The KEGG (Kyoto Encyclopedia of Genes and Genomes platform (www.genome.jp/kegg, accessed on 6 December 2025) [11] via the DAVID platform (davidbioinformatics.nih.gov, accessed on 8 December 2025) [12].
Reactome (reactome.org, accessed on 19 December 2025) [13], a comprehensive resource for enriched biological pathways, used to analyze the list of significant genes for biological relevance.

The top 25 enriched functional pathways identified in the KEGG Functional Annotation Chart and Reactome Pathway Analysis Results are summarized in Table 3.

2.7. KEGG Pathway Enrichment

KEGG analysis of the elucidated important genes revealed significant enrichment in several signaling pathways known to influence neural development and synaptic function, including the ErbB, Neurotrophin, and PI3K–Akt pathways.

ErbB signaling pathway: Regulates cell proliferation, differentiation, survival, and migration. It is essential for brain development and the formation of neural circuits.

Neurotrophin signaling pathway: Supports neuronal differentiation and growth, regulates axon guidance, and facilitates synaptic plasticity, which is crucial for learning and memory.

PI3K–Akt signaling pathway: Promotes cell survival by inhibiting apoptosis and contributes to neuronal development and synaptic plasticity.

Additionally, enrichment of proteoglycans in the cancer pathway suggests involvement of genes that influence neural development, as proteoglycans are key components of the neuronal extracellular matrix and play important roles in axon guidance, synaptic organization, and neural plasticity. Dysregulation of proteoglycan-mediated signaling may therefore be biologically relevant to ASD and useful for identifying ASD-related genes. The enrichment of this pathway, along with other signaling pathways, provides important insights into the molecular mechanisms underlying ASD, where disruptions in neural signaling are widely recognized as contributing to its pathogenesis.

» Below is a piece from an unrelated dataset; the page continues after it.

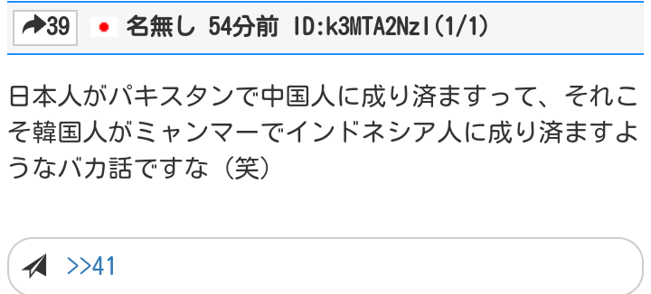 ミャンマーだと韓国人は好かれていて、インドネシア人は嫌われているから、わざわざ嫌われている人種の振りする意味が分からんという意味じゃねーの。そもそも、パキスタンに行く日本人がどれだけいんだよって話だな。
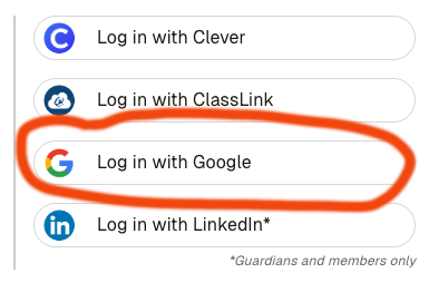 Students will login to SchooLinks via by going to SchooLinks.com, then clickicking the "Log in with Google" link on their screen that looks like the image below:

2.8. Reactome Pathway Enrichment

Reactome analysis also revealed strong involvement of pathways related to signal transduction and gene expression regulation, including those involving key transcription factors and growth factor-mediated signaling processes essential for neural development. Reactome pathways ranked 7, 8, 11, 13, and 14 featured multiple transcription factors (MECP2, RUNX1, RUNX2, YAP1/TAZ), which are critical regulators of neuronal differentiation and maturation. The repeated appearance of MECP2, an essential central epigenetic regulator in human brain development, whose gene mutations are often associated with Rett syndrome [14], underscores its importance in the context of ASD-related molecular pathways. Additional pathways, such as BMP signaling and YAP1/TAZ-stimulated gene expression, both of which transmit extracellular signals that activate transcription, highlight the functional link between circRNA-associated genes and developmental signaling cascades.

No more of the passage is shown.